Byeon Sang-byeok was an 18th century Korean painter during the Joseon Dynasty (1392-1910). Both his birth and death dates are unknown, but his works have been dated to during the reigns of Kings Sukjong and Yeongio (1674-1776). Because he became known for his depictions of cats, he was often called “Byeon goyang” (Byeon Cat). His two most famous works with cats are Myojakdo (Painting of Cats and Sparrows) and Gukjeong chumyo (Crouching Cat under Wild Chrysanthemum on an Autumn Day).

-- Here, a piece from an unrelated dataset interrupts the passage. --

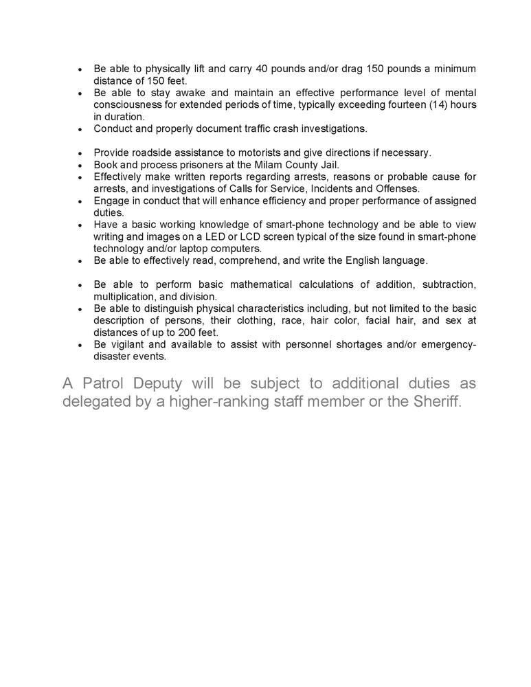 Patrol Deputy Positions Open Milam County Sheriff's Office (10/05 Milam County Sheriff Jobs announcement of job opening. Fill out form, print and sign. the milam county sheriff's office is taking applications for the following jail positions: milam county job application form. notice of job opening. announcement of job opening. Milam county sheriff’s office date of. The jailer has the responsibility to provide care and protection to the inmates. Milam County Sheriff Jobs.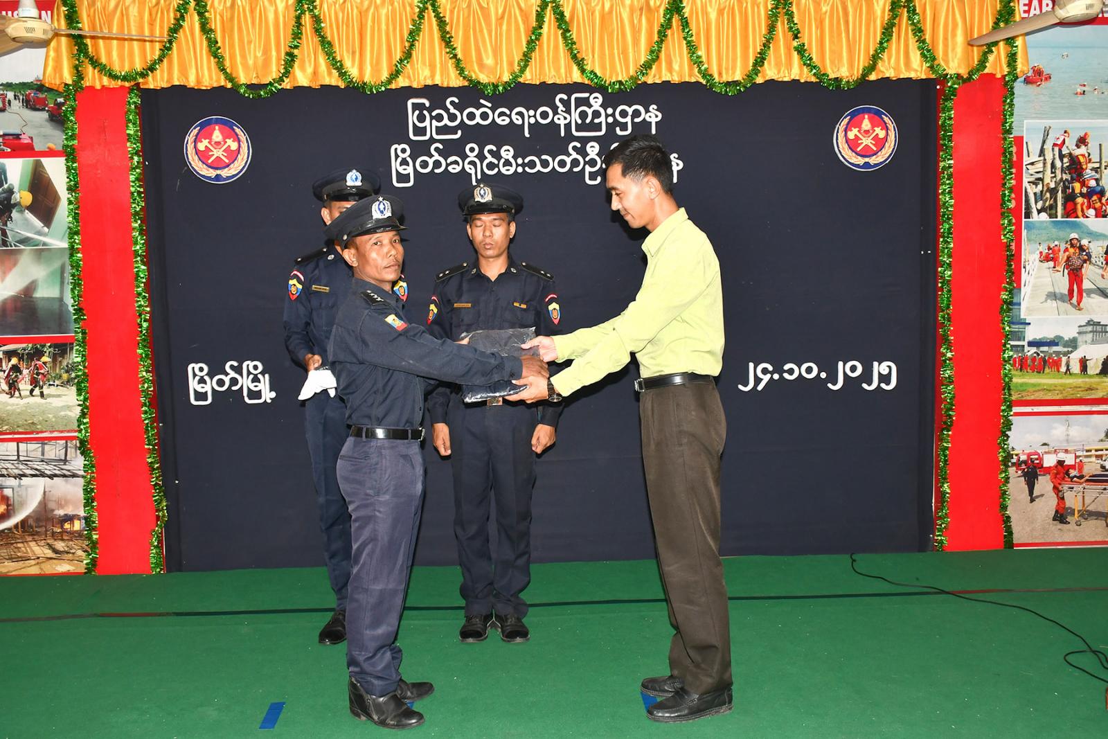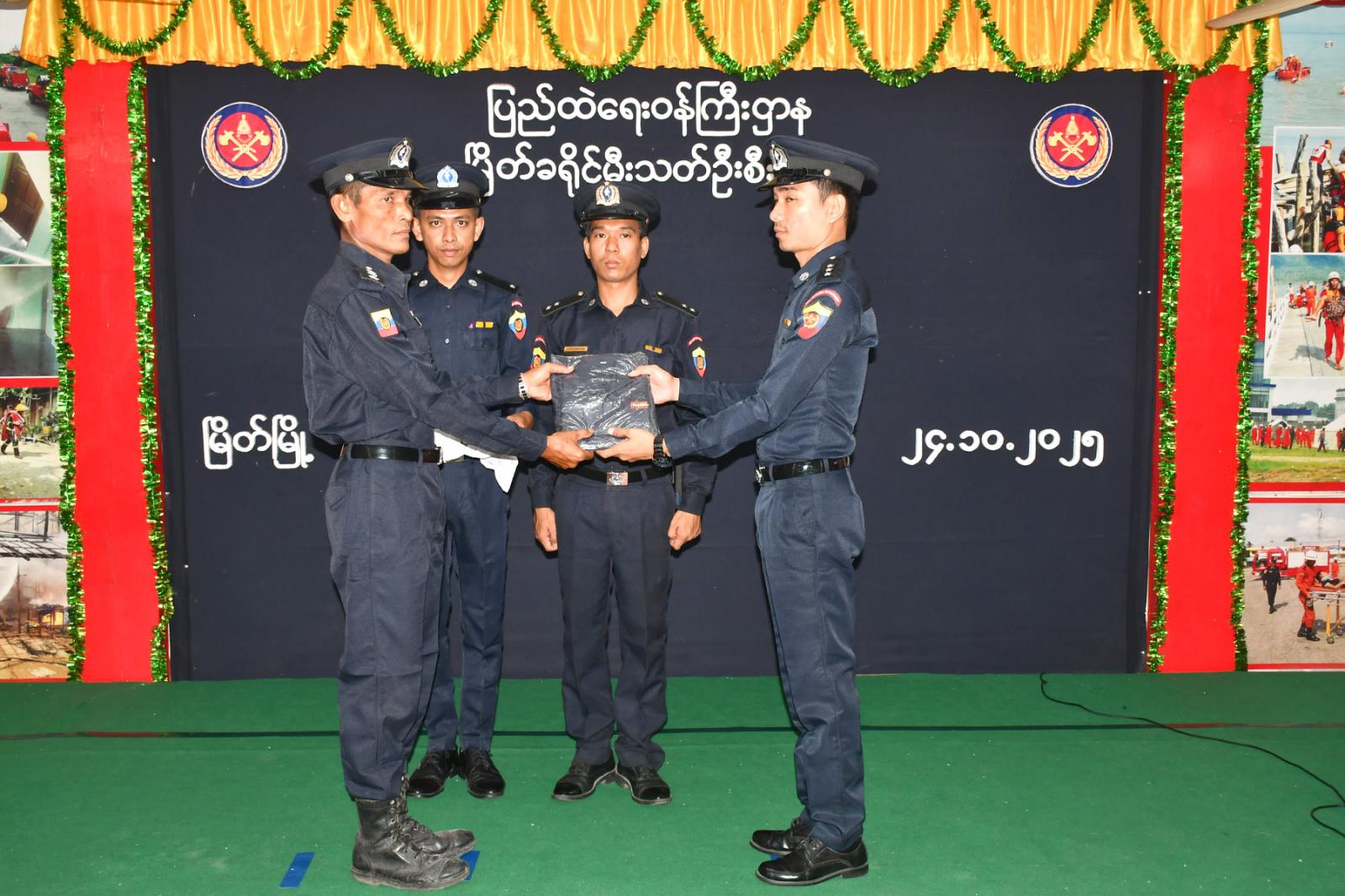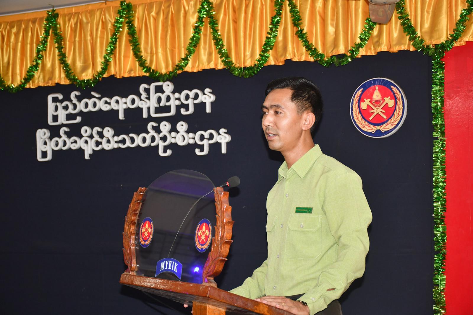 တနင်္သာရီတိုင်းဒေသကြီး မြိတ်မြို့တွင် အရန်မီးသတ်တပ်ဖွဲ့ဝင်များအနေဖြင့် မီးသတ်တပ်ဖွဲ့လုပ်ငန်းများနှင့် ပြည်သူ့အကျိုးပြုလုပ်ငန်းများ ဆောင်ရွက်ရာ၌ အဆင်ပြေချောမွေ့မှုရှိစေရန်အတွက် အရန်မီးသတ်တပ်ဖွဲ့ဝင်များအား တပ်ဖွဲ့ဝင် တူညီဝတ်စုံ ပေးအပ်ခြင်းအခမ်းအနားကို မြိတ်ခရိုင် မီးသတ်ဦးစီးဌာန အစည်းအဝေးခန်းမတွင် ယမန်နေ့ ည (၇) နာရီက ကျင်းပသည်။

Myojakdo, painted on silk with an ink wash, shows two cats, one looking up at the sparrows and the other in the tree looking down. It’s not quite sure if they are more interested in playing than hunting the sparrows. Both the cats and sparrows in the picture represent longevity, just as the cat does in China because of its name (mao 猫), owing to the similarity in pronunciation with the word for octogenarian. Byeon captures the cats’ personalities by their expressive faces. Byeon was also known for his exact and very intricate brush strokes. Here we see the very delicate and precise strokes used for the cats contrasted with the wild almost haphazard ones for the tree.
In Gukjeong chumyo, painted on paper with ink wash, Byeon uses very exact brush strokes to depict a spotted tabby cat sitting next to a chrysanthemum. The cat’s face is cleverly expressive. It is obviously up to something, perhaps thinking about attacking a bird.